Return an exact copy of the entries, skipping any picture you find.

INPUT MATERIAL:

────────

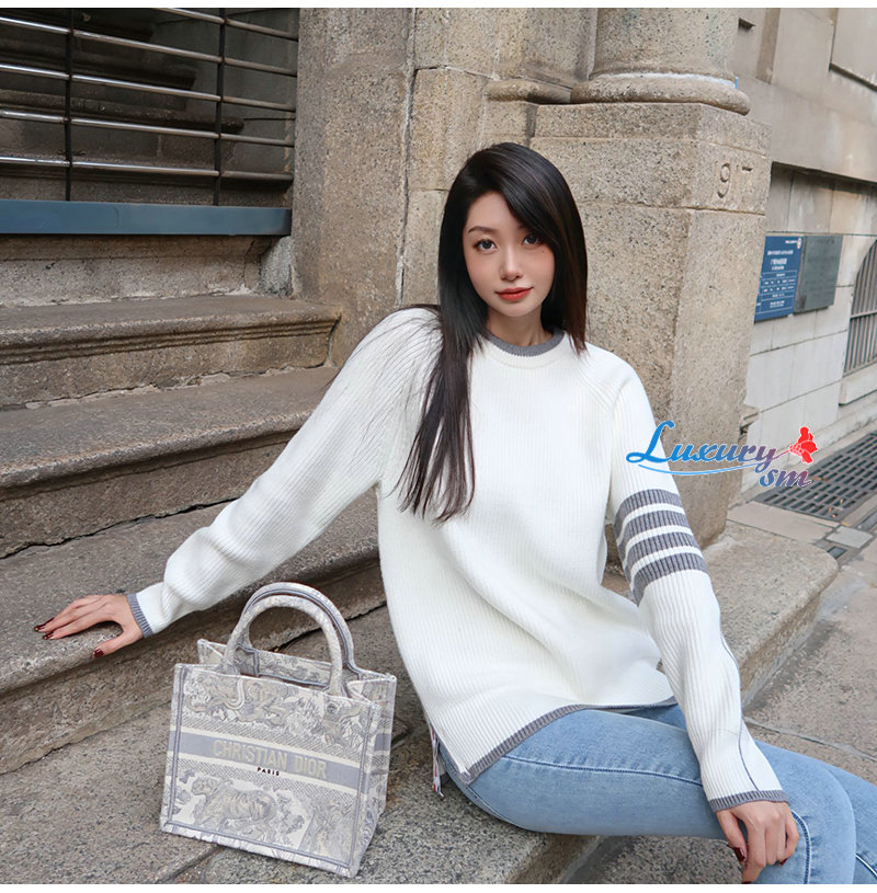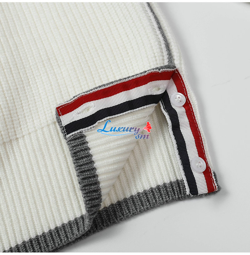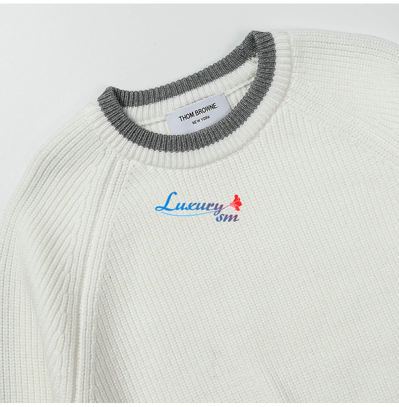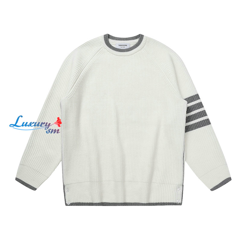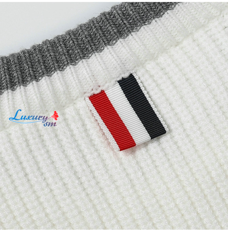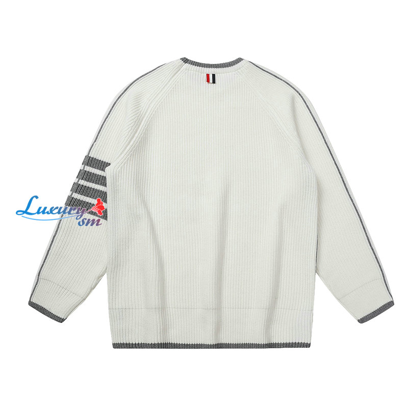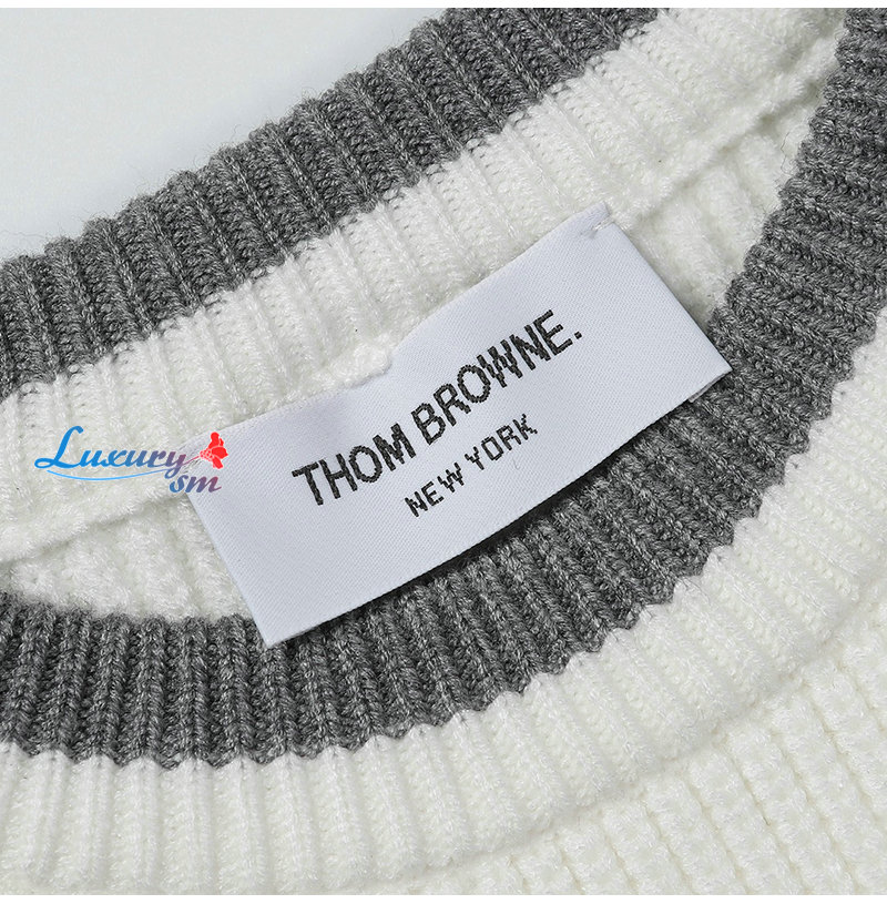 THOM BROWNE-12248 톰 브라운 화이트 스트라이프 장식 스웨터 남여공용
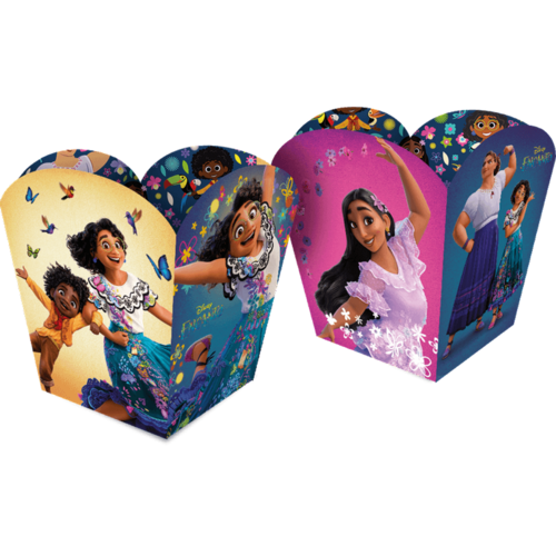Cachepot Encanto C/4 Regina. Transforme sua festa no mundo mágico de Encanto! Faça da sua comemoração uma emocionante jornada de aventuras, magias e músicas contagiantes com a família Mirabel. O cachepot pode ser utilizado como centro de mesa (com balões e guloseimas), e também para servir pipoca, biscoito, docinho e salgadinho.
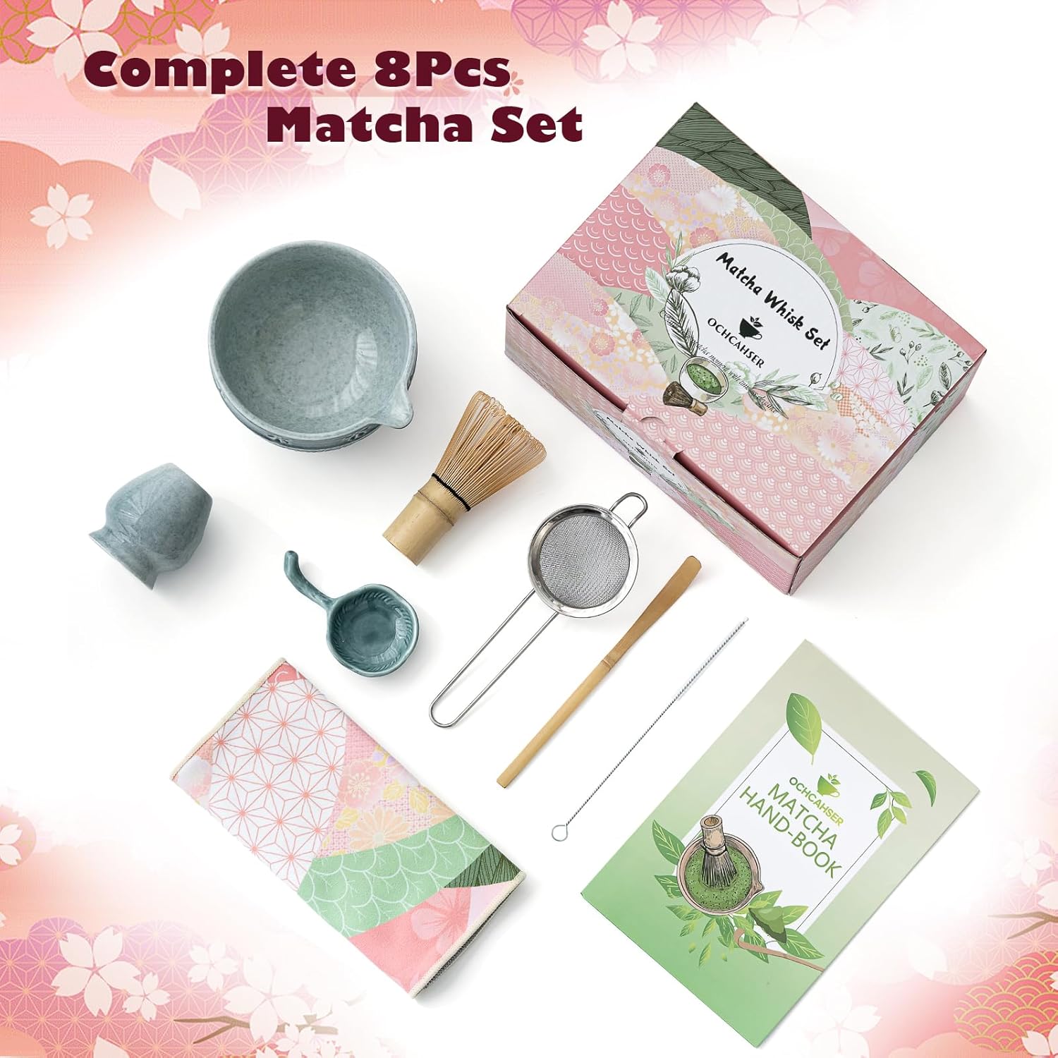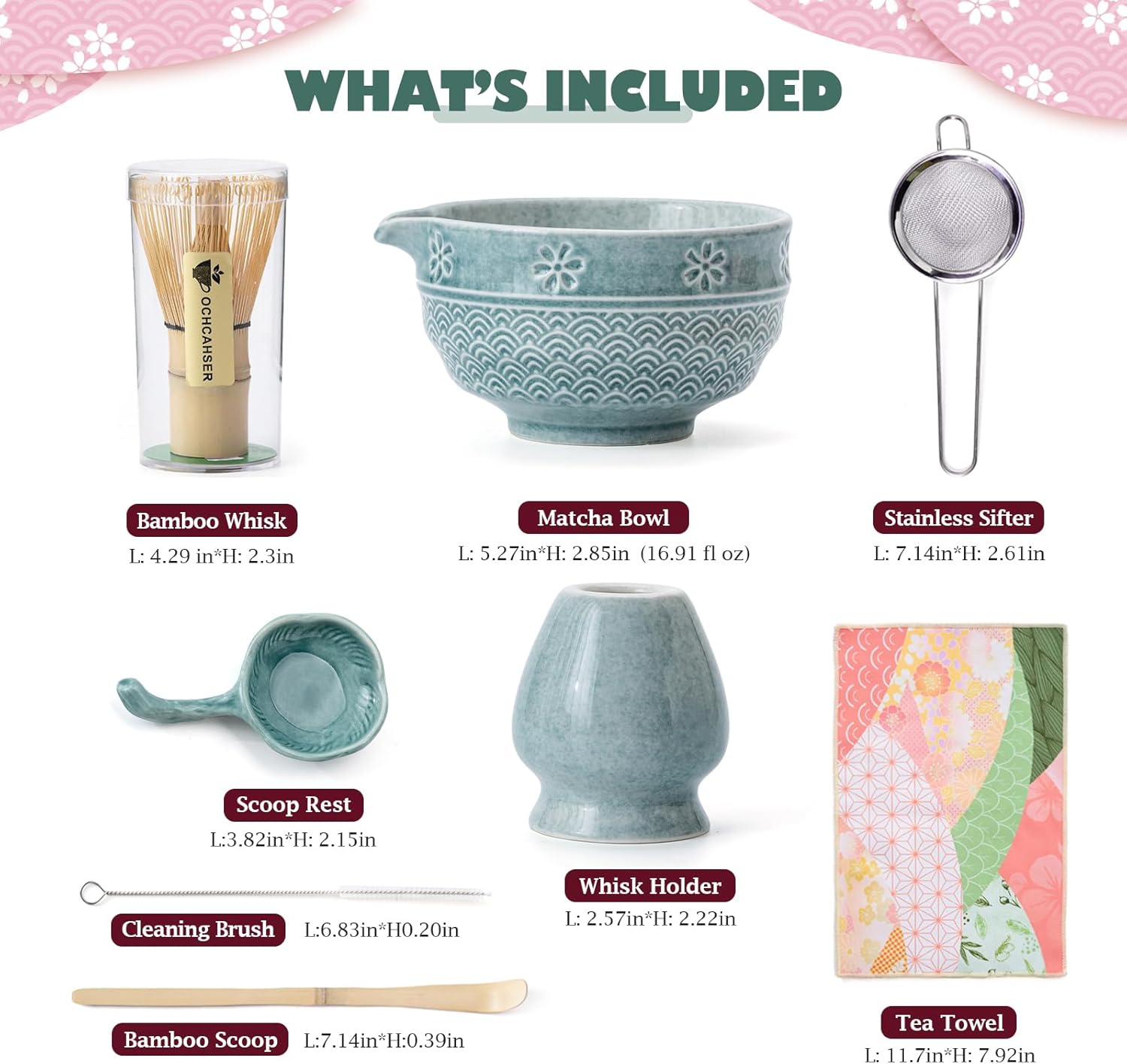 - Complete 8 Pcs Matcha Set :Includes 1* 500 ml 16.9 oz ceramic matcha bowl, 1* bamboo matcha whisk chasen, 1* whisk holder, 1* bamboo scoop chashaku, 1* flower scoop rest, 1* stainless steel sifter, 1* tea towel, and 1* cleaning brush, everything you need for an authentic tea ritual.
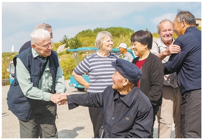 英軍戰俘後人與林阿根(前排老者)、中國漁民後代見面。
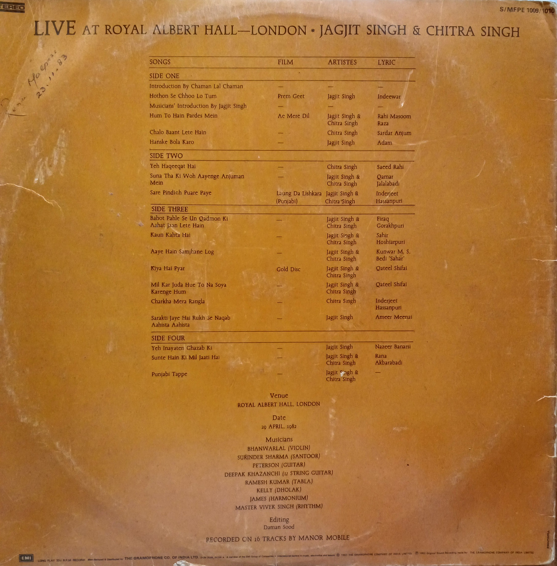 Live At Royal Albert Hall London – (Jagjit Singh & Chitra Singh) – 2lp Set

────────

THE COMPLETED TASK:
 THOM BROWNE-12248 톰 브라운 화이트 스트라이프 장식 스웨터 남여공용
Cachepot Encanto C/4 Regina. Transforme sua festa no mundo mágico de Encanto! Faça da sua comemoração uma emocionante jornada de aventuras, magias e músicas contagiantes com a família Mirabel. O cachepot pode ser utilizado como centro de mesa (com balões e guloseimas), e também para servir pipoca, biscoito, docinho e salgadinho.
 - Complete 8 Pcs Matcha Set :Includes 1* 500 ml 16.9 oz ceramic matcha bowl, 1* bamboo matcha whisk chasen, 1* whisk holder, 1* bamboo scoop chashaku, 1* flower scoop rest, 1* stainless steel sifter, 1* tea towel, and 1* cleaning brush, everything you need for an authentic tea ritual.
 英軍戰俘後人與林阿根(前排老者)、中國漁民後代見面。
 Live At Royal Albert Hall London – (Jagjit Singh & Chitra Singh) – 2lp Set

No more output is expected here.